= EXTRACTED ENTRIES =
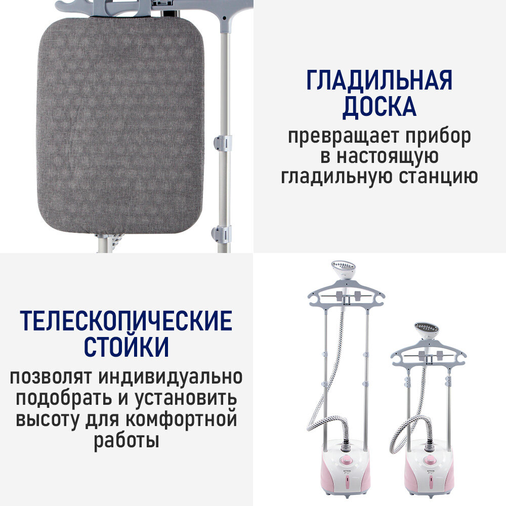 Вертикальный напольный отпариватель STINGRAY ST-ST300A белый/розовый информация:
--
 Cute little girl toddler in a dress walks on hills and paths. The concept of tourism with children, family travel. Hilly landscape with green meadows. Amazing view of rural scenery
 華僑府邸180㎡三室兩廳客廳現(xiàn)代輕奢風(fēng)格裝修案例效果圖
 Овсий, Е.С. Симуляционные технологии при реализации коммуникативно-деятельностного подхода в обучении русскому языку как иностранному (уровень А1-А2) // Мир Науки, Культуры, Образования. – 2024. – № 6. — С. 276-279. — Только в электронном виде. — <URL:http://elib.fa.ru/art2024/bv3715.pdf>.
...
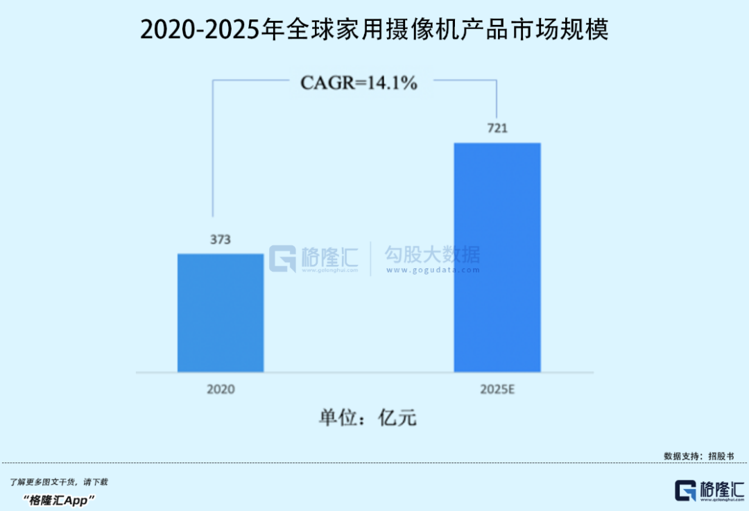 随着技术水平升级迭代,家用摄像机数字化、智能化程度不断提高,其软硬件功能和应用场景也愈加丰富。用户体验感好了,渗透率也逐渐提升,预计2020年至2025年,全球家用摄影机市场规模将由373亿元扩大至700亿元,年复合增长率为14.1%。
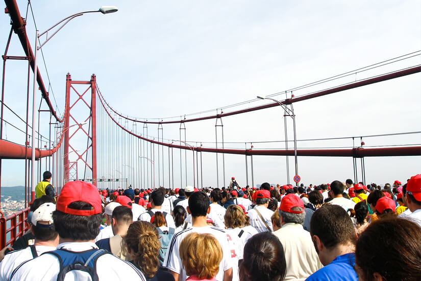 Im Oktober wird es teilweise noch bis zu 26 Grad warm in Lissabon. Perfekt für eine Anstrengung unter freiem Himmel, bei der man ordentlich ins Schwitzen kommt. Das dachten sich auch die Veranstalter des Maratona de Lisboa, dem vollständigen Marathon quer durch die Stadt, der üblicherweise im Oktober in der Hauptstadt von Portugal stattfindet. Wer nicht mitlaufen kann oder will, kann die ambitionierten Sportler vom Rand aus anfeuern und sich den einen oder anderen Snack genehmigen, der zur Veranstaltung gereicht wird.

= TASK DESCRIPTION =
Using the entries above, repeat only the lines from the one containing "華僑府邸180㎡三室兩廳客廳現(xiàn)代輕奢風(fēng)格裝修案例效果圖" through the one containing "Овсий, Е.С. Симуляционные", end lines included.

= RESPONSE =
 華僑府邸180㎡三室兩廳客廳現(xiàn)代輕奢風(fēng)格裝修案例效果圖
 Овсий, Е.С. Симуляционные технологии при реализации коммуникативно-деятельностного подхода в обучении русскому языку как иностранному (уровень А1-А2) // Мир Науки, Культуры, Образования. – 2024. – № 6. — С. 276-279. — Только в электронном виде. — <URL:http://elib.fa.ru/art2024/bv3715.pdf>.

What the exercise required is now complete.